I have never hunted a tournament but I would like to. Here in southeast minnesota all the tournaments are either too far away or I cannot get off work. There have been a few local ones but they are pretty stupid. Rules are pretty much nonexistent. You can call, uke: run them with dogs :, walk them out like a deer drive, or, uke: the people I hate most of all, the lazy buggers who drive around in a truck across the farmers field near the edge of cover and hope the truck noise makes them bolt. apparently that way you dont get cold or have to walk and the truck door makes a good rifle rest for a shot at a 400 yard running coyote. 
No temp checks and I am not sure what blocking is so I cant tell you there. Sorry to all if it sounds like venting but I am tired of getting to my perfect calling spots only to see truck tracks driving along the edge of the honey hole that I was sure was going to hold a coyote. Call, spot and stalk, walk them up like a deer drive, I have no problem with that, but If i had my way every thing else would be illegal.

Sorry if I have offended anyone but I if I can walk miles of north dakota badlands with a prosthetic leg then all of those lazy truck hunters can darn well get out an walk too!

jaybic


----------



## Brad.T (Mar 29, 2004)

Amen!!

Blocking is putting a block of wood with zipties in thier mouth and writing the time on it before tighting the zip ties around the block and conforming the mouth and lips to the block.


----------



## bretts (Feb 24, 2004)

Thompson, ND has a tourney coming up Dec.10, and I know that they block and temp check so it's pretty legite


----------



## SnakeyJake1 (Mar 22, 2005)

Does anyone have any more info on the Thompson Tourney? Contact #, Rules, etc......
Was thinking about joining up for that one. If I can talk my hunting partner into sticking around for he weekend.

Thanx

p.s. I know the Finley Wildlife Clubs tourney will be Jan 7th. I'm pretty sure they do not Temp Check or Block. If you would like a ticket PM me and I can try and track some down for you.


----------



## Fallguy (Jan 23, 2004)

Contact person is Jamiel Olson.

Go to www.coyotehunter.net

then go to the events calander on the left and follow the links to find the Thompson Predator Roundup.


----------



## Brad.T (Mar 29, 2004)

I will be competing in the the Thompson Tourney it's usually a real good time to B.S afterwards and it's not so competitive and some of the others its a little more laid back


----------



## Fallguy (Jan 23, 2004)

I will also be competing in the Thompson Tourney. It will be my first coyote tournament so I am fricking JACKED UP!!!


----------



## 280IM (Mar 28, 2005)

I hope you do well and sure most everyone on the forum does too
Dewey


----------



## the Bender (Mar 31, 2005)

I don't know much about tournements, but there is one in Ortonville, MN. I don't know if the do the proper checks or what winning is worth, but I think it might be a bit like the Jaybic mentioned.

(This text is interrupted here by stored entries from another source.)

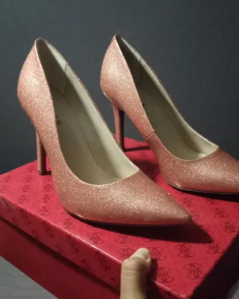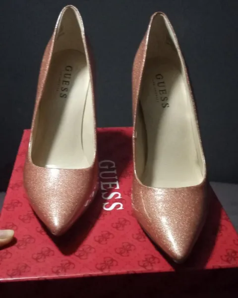 Stiletos NUEVOS GUESS. Stilettos marca GUESS NUEVOS, color rosa brilloso en acabado liso, tacón de 10 cm, combinables y bonitos..
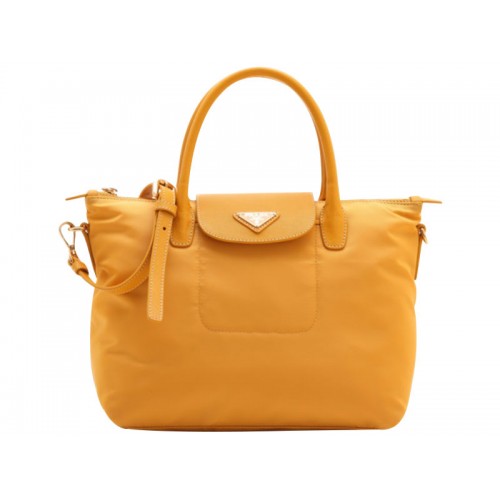 Sac cabas Prada Tessuto en nylon jaune avec garniture en cuir
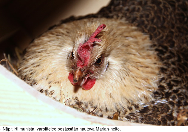 kuljeskeleva ja määrätietoinen kana. Se on nyt ollut kolme päivää pesässä,
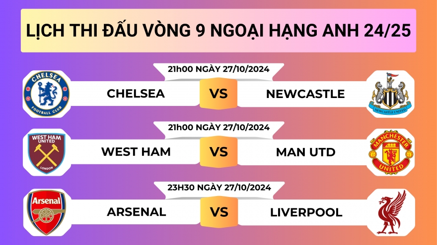 Lịch thi đấu vòng 9 Ngoại hạng Anh 2024/2025: Arsenal đại chiến Liverpool
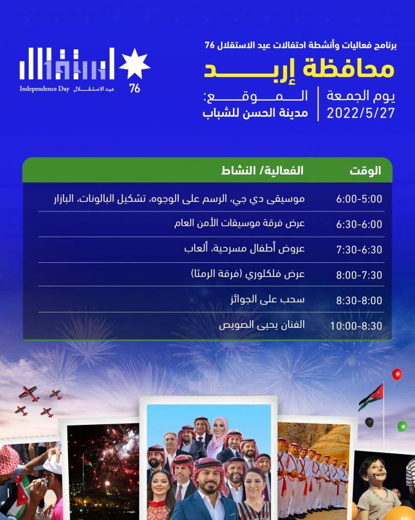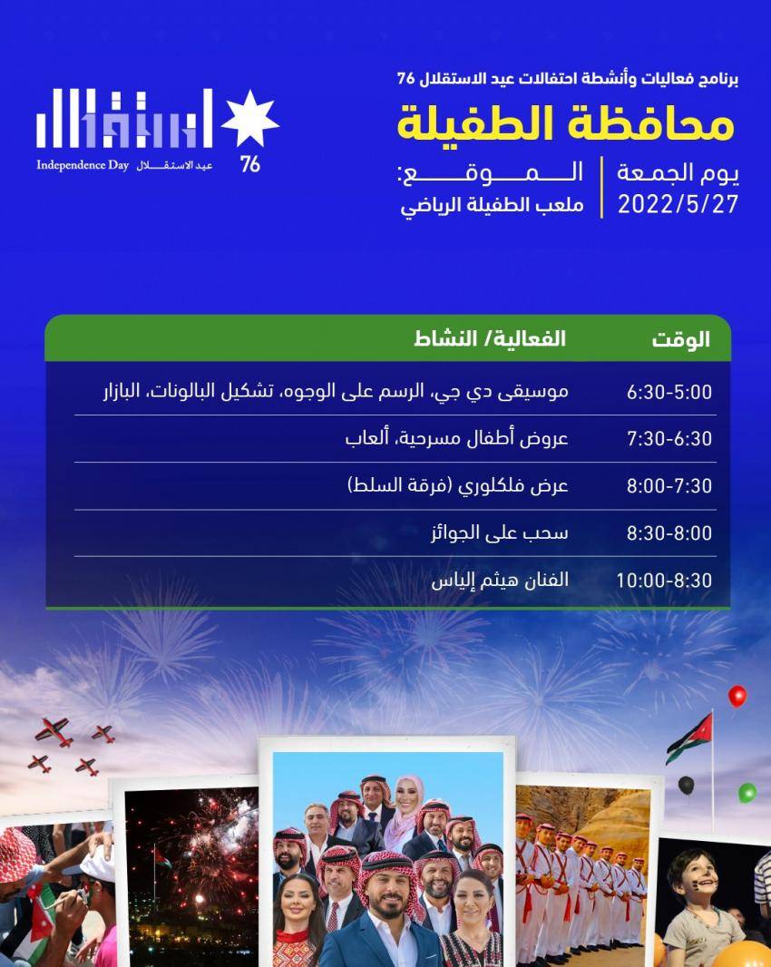تتواصل فعاليات الاحتفال بعيد استقلال المملكة الأردنية الهاشمية الـ76، لليوم الثالث على التوالي، في جميع محافظات المملكة.

Brad T. What are typical tournement rules/regs? Can you hunt anywhere? Is there a check in, and check out? I've killed a few with not much difficulty in that area. I would enter the tourney if it was all fair. Thanks.


----------



## Brad.T (Mar 29, 2004)

A good run tournament has check in times in the morning and in the evening. No dogs, all members in one vehichle, no planes, no snowmobiles,. Block and temp check all turned in predators. Those are the basic rules that a tournament needs for me to hunt in them.


----------



## 1lessdog (Feb 4, 2004)

After reading all the hyp about tournaments.Let me tell you something that I think all Contest should have.If there 50 teams you split the teams up.So you do not hunt with your partner.Then there cant be any cheating.You and your partner are still on the same team.Just not hunting together.
And another thing is its a calling hunt only.You leave the Road you are disqualied.No running sloughs or driving out in the CRP.Ive hunted contests for 20 yrs and have seen it all.My pickup never leaves the road not even to pick up a hunter.There has not been a contest in 20 yrs that someone hasnt did something wrong.People will do anything for money.


----------



## the Bender (Mar 31, 2005)

Thanks Guys.


----------



## Brad.T (Mar 29, 2004)

1lessdog
I like your idea about getting split up and hunting with someone that you don't know for keeping the cheating down but i don't think that your going to convince a lot of people to do it. How do you decide which guys land to go hunt? I think my stuff is better then what you have and vice versa not to mention that my partner scouted my stuff with me and he wants to hunt it with his guy for the day? I like the idea but i think it would be impossible to achieve.
I try to keep an open mind about the tournaments i hunt in and i think that most of the ones that i hunt in the cheating is very minimal. If it's found they cheated they are DQ'd immediately the ones that don't DQ immediately i don't return to (New Salem). I like to tell myself that if someone wants to go through all of the trouble to cheat to get a pay check for 500 dollars to split let them have it. I"m there for the BSing and to push myself as hard as possible to see how i can do (with a partner) i'm competing against myself more then anything most of the time.


----------